Suppose you are sitting in an accelerating car along a straight line and you look at a tree on the road side. You will observe that the tree is moving backward with the same acceleration that you have due to acceleration of the car. Now you can understand that in your frame a tree is observed to be accelerating opposite to your motion even when there is no actual force acting on it. To explain the acceleration of the tree with respect to the you or your car (non-inertial frame) you have to apply a fictitious force called the pseudo force on the tree. It is an imaginary force which acts on all the occupants of an accelerated frame. The direction of the force is opposite to the direction of the acceleration. Hence
\displaystyle {{F}_{p}}=-ma
Where m is the mass of body (that is tree in our example) and `a’ be the acceleration of the reference frame ( that is car in the above example) .This pseudo force is real enough to throw you forward when a bus suddenly stops. It is fictitious in the sense that it has no physical origin, that is, it is not caused by one of the basic interactions in nature. Its action does not have the reaction required by the third law.
Mathematical explanation of pseudo force
Motion of a particle (P) is studied from two frames of references S and S’. S is an inertial frame of reference and S’ is a non inertial frame of reference. At any time, position vectors of the particle with respect to those two frames are \displaystyle \vec{r} and \displaystyle \vec{r}’ respectively. At the same moment position vector of the origin of S¢ is \displaystyle \vec{R} with respect to S as shown in the figure.
From the vector triangle OO’P , we get
\displaystyle \vec{r}’=\vec{r}-\vec{R}
Differentiating this equation twice with respect to time we get
\displaystyle \frac{{{{d}^{2}}\vec{r}’}}{{d{{t}^{2}}}}=\frac{{{{d}^{2}}\left( {\vec{r}} \right)}}{{d{{t}^{2}}}}-\frac{{{{d}^{2}}}}{{d{{t}^{2}}}}\left( {\vec{R}} \right)
hence \displaystyle \vec{a}’=\vec{a}-\vec{A}
Here
\displaystyle \vec{a}’= acceleration of the particle P relative to S’
\displaystyle \vec{a}= Acceleration of the particle relative to S
\displaystyle \vec{A}= Acceleration of S’ relative to S.
Multiplying the above equation by m (mass of the particle) we get
\displaystyle m\vec{a}’=m\vec{a}-m\vec{A}
hence
\displaystyle \vec{F}’={{\vec{F}}_{{\left( {real} \right)}}}-m\vec{A}
therefore
\displaystyle \vec{F}’={{\vec{F}}_{{\left( {real} \right)}}}+\left( {-m\vec{A}} \right).

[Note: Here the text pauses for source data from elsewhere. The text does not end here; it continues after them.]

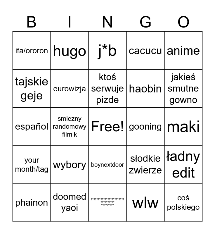 This bingo card has a free space and 24 words: wybory, doomed yaoi, ktoś serwuje pizde, phainon, anime, ifa/ororon, tajskie geje, hugo, gooning, boynextdoor, haobin, español, słodkie zwierze, ładny edit, eurowizja, wlw, maki, j*b, jakieś smutne gowno, smiezny randomowy filmik, coś polskiego, your month/tag, cacucu and ???????????????????????? ?????????? ?????????.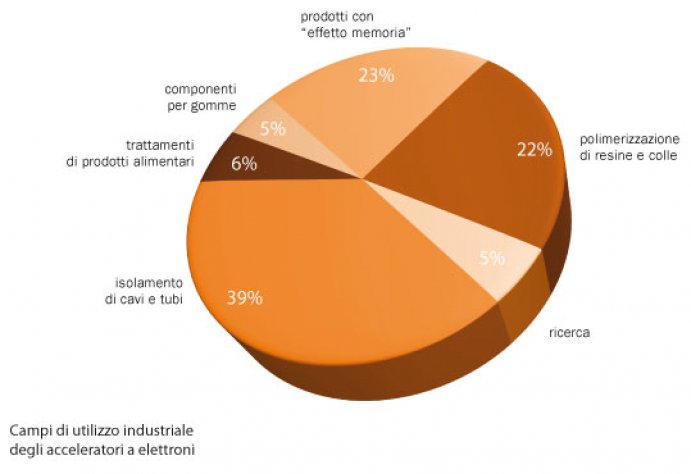 I processi chimici che avvengono all’interno di un polimero irradiato (per esempio il polietilene, che ha delle proprietà particolarmente adatte a questo tipo di trattamento) consistono in alterazioni delle catene molecolari in grado di amplificare o degradare la qualità e la quantità delle interconessioni di queste lunghe molecole responsabili delle caratteristiche macroscopiche del materiale. È una complessa alchimia, che richiede la definizione di molti aspetti: dalla scelta dei polimeri e dei loro additivi, a quella dell’ambiente di irraggiamento (temperatura, presenza o meno dell’aria), dal rateo di dose (cioè la quantità della dose nell’unità di tempo), alla quantità integrata di dose rilasciata al campione. L’ottimizzazione del processo di trattamento porta alla realizzazione di prodotti ad alto contenuto di innovazione che si possono ottenere solo con questa tecnologia. È il caso, per esempio, dei cavi resistenti alle alte temperature o dei materiali dotati di “effetto memoria”, che sono cioè in grado di modificare la loro forma a seconda della temperatura, ritornando poi alla forma originaria. Esiste anche un terzo campo di applicazione del trattamento con e-beam, che al momento è in fase di sviluppo in alcune parti del mondo, come gli Stati Uniti, la Russia, il Giappone, la Cina e la Germania: è il settore ambientale.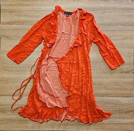 Vestito donna Primark. Modello a maniche lunghe aperto con chiusura a lacci e scollatura, fantasia a pois bianchi su rosso. Tessuto leggero perfetto per l'estate. In ottime condizioni, come nuovo, vendo per decluttering.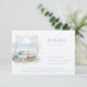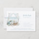 Esta bela placa RSVP de praia apresenta design de aquarela perfeita para o seu casamento de praia de férias. O gráfico de um leito de cabana de praia com o oceano ao fundo. As cores utilizadas incluem: azul de ardósia, verde de floresta, marfim e bronzeado.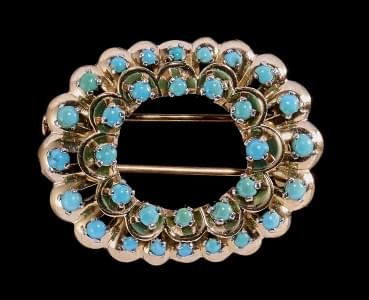 3318. Broche clip sertie de turquoises en cabochon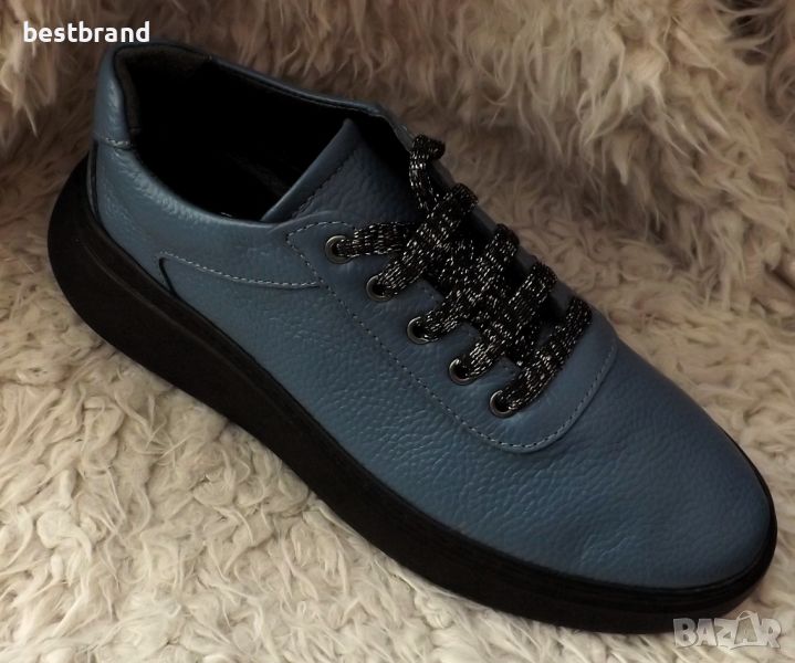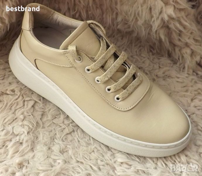 Дамски спортно елегантни обувки на не много висока, удобна подметка ,с анатомични стелки. Височина на подметката в предната част - 4 см., а към петата - 4.5см. За по-голяма здравина моделът е шит. Отговарят си на номерата. Предлагат се в два цвята- светло бежови с бяла подметка , и сини с черна подметка.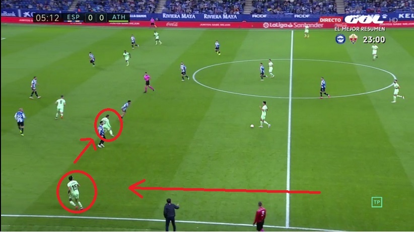 Imanol tuvo muy en cuenta este movimiento habitual de Muniain. Partiendo de la banda izquierda, acostumbra a centrar su posición y deja todo el carril para el lateral (Lekue en la imagen inferior, ante el Espanyol).
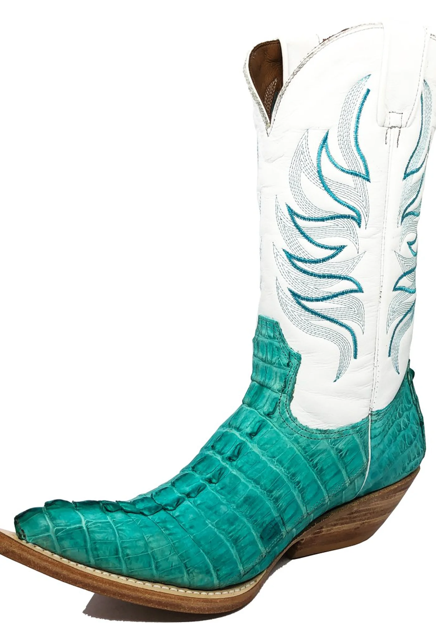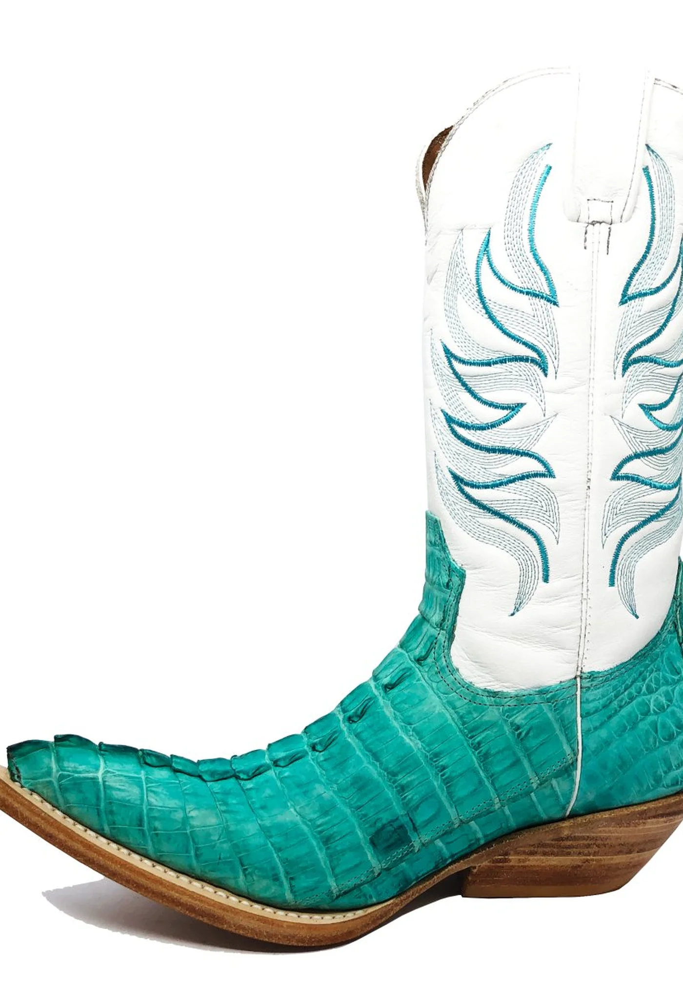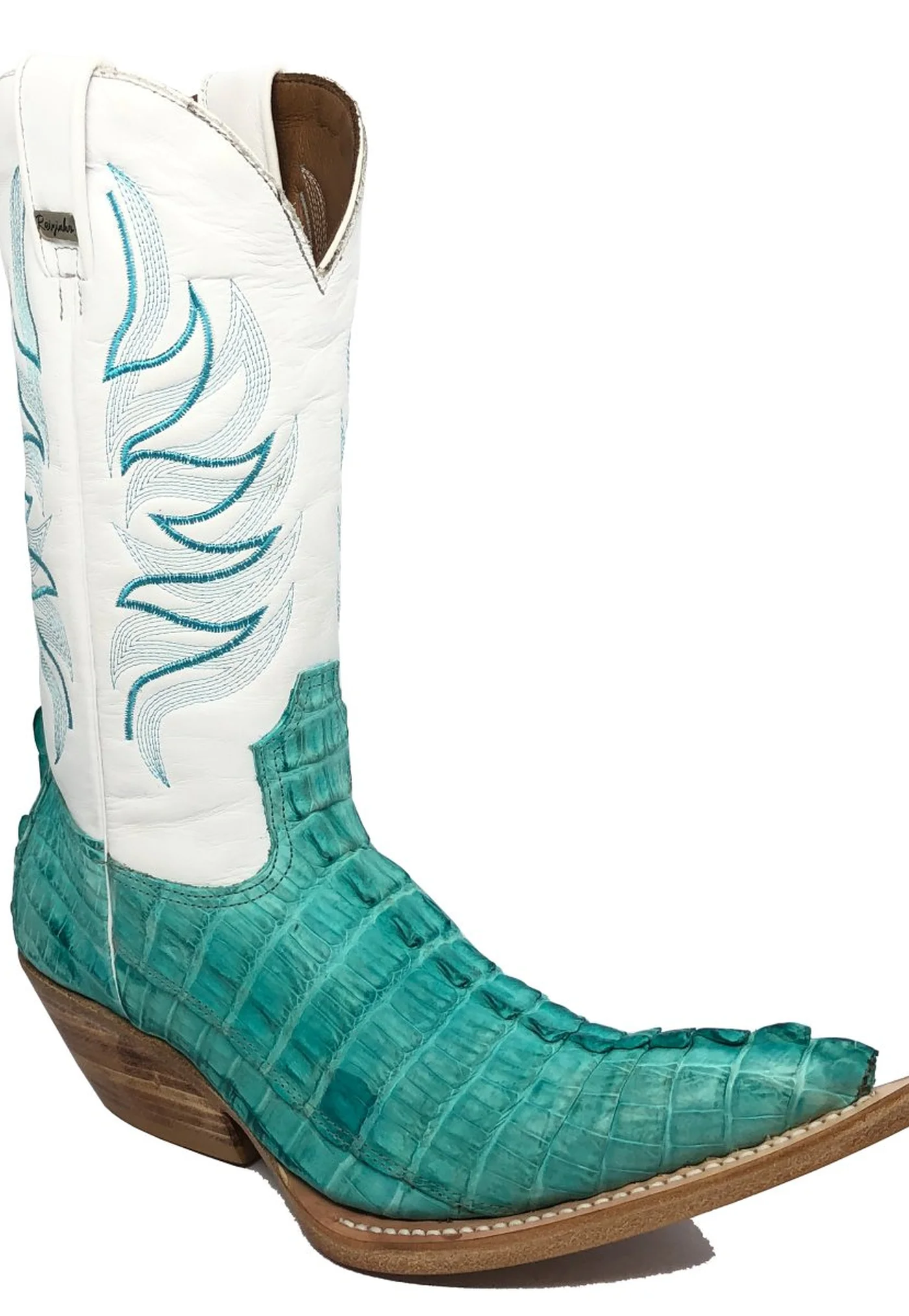 Bota Reizinho Premium De Couro De Jacaré Azul Ocean Rabo Limited Edition - Cano Alto, Bico Fino, Solado De Couro Artesanal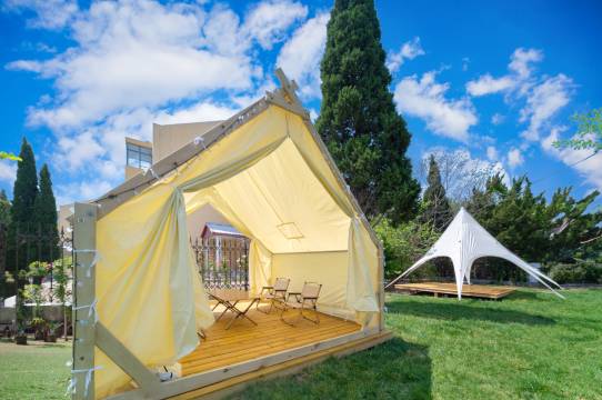 酒店周边的环境很棒,距离游玩的地方很近, 更绝的是他家还有一个单独的后院 有帐篷 可以家庭露营,酒店周边也是绿树环绕,房间舒适,床铺用品干净无异物,住的很尽兴
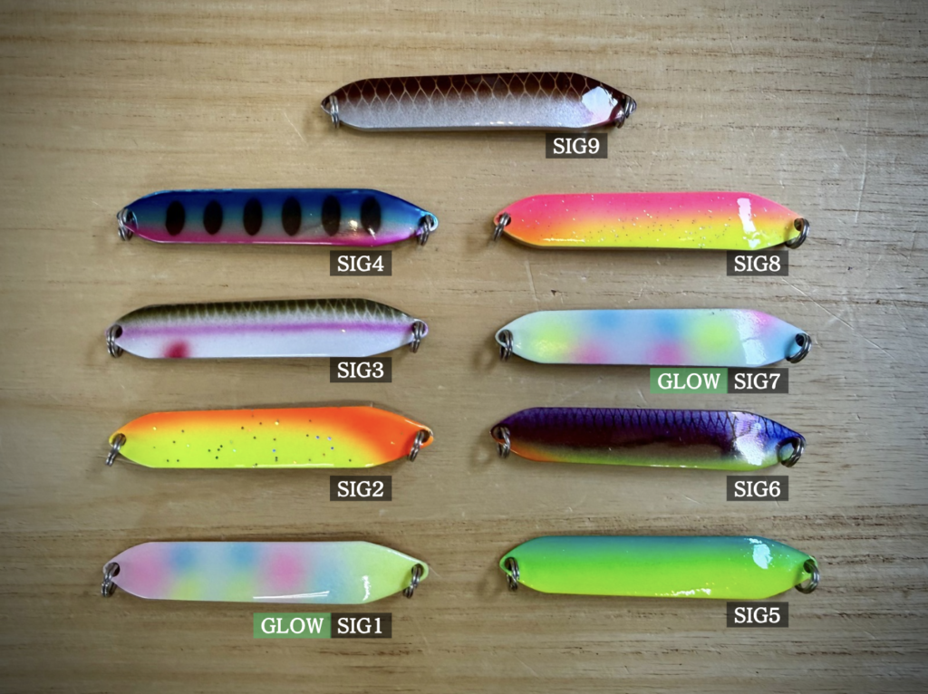 このSIG5が春の湖でもアメマスにすこぶる反応良くてお気に入りの1本。そのSIGカラーが、今回さらに小粒になり、軽量ウエイトということで、一撃必殺!こりゃもうエサ確定ですよね(笑)。早く使いたいです。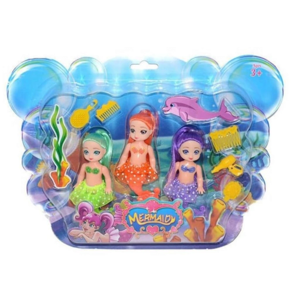 2'li Deniz Kızı Bebek Seti - Hareketli Eklemler ve Aksesuarlı -Sarı & Mor - 1 ADET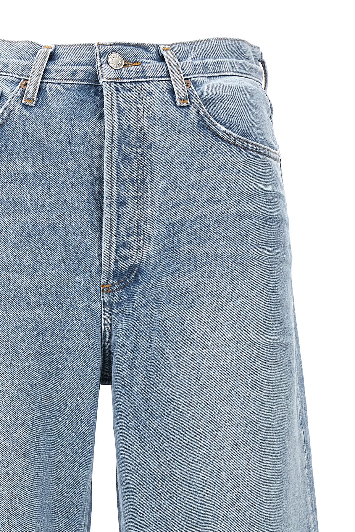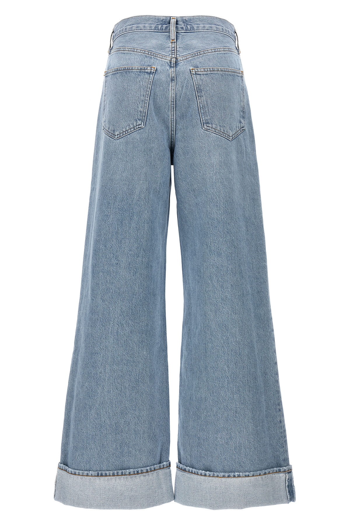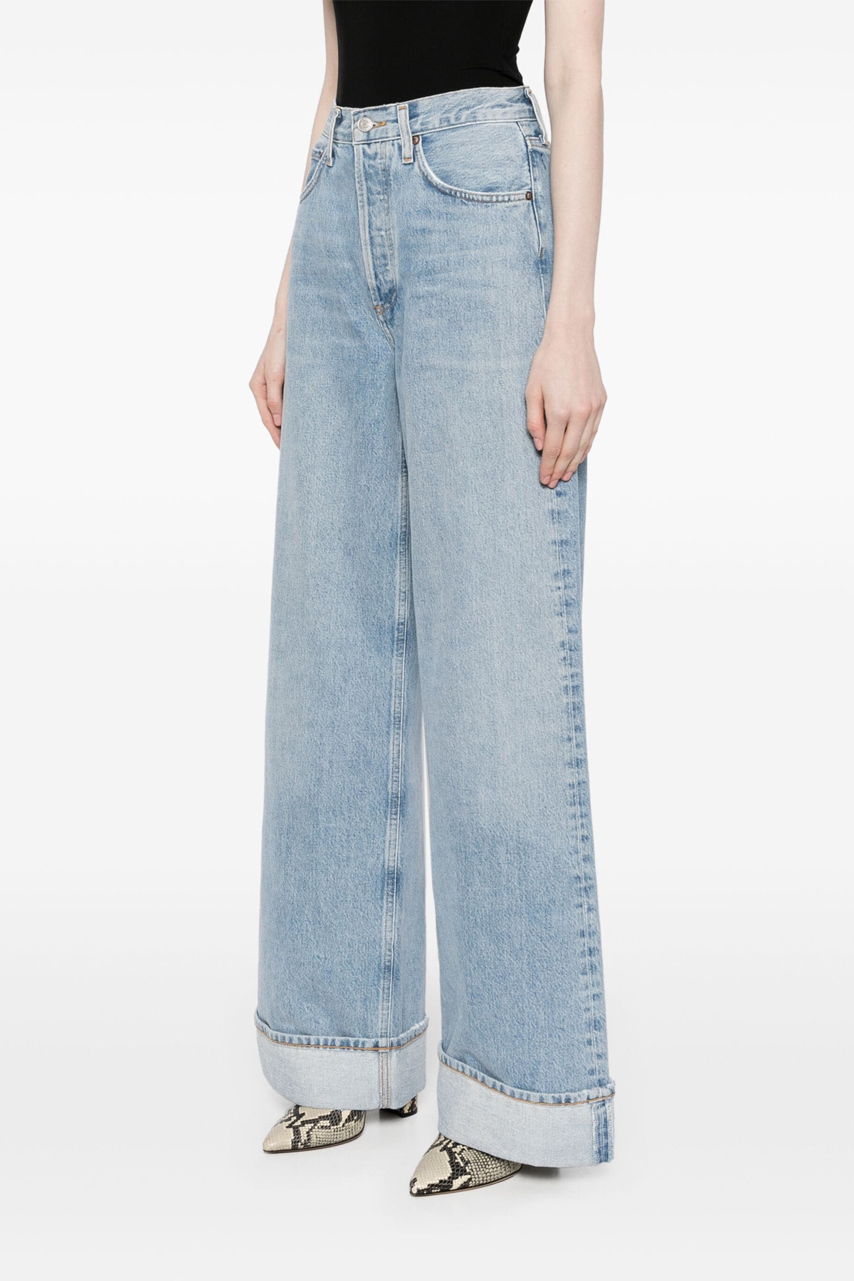 'Dame' cotton denim jeans with button closure, five pockets, high waist style with wide leg and turned-up hem.

Where F’ is the force as observed from non inertial frame S’. So in non-inertial frame of reference an extra force is taken into account in order to apply Newton’s laws of motion. The magnitude of this force is equal to the product of the mass of the body and acceleration of the frame and it is always directed opposite to the acceleration of the frame. This force is known as Pseudo force, because this force does not exist in the inertial frame of reference.
Note:
(i) When pseudo force is applied in equation of motion, then the acceleration obtained is with respect to a non-inertial frame of reference.
(ii) For problem solving purpose earth is assumed to be an inertial frame of reference.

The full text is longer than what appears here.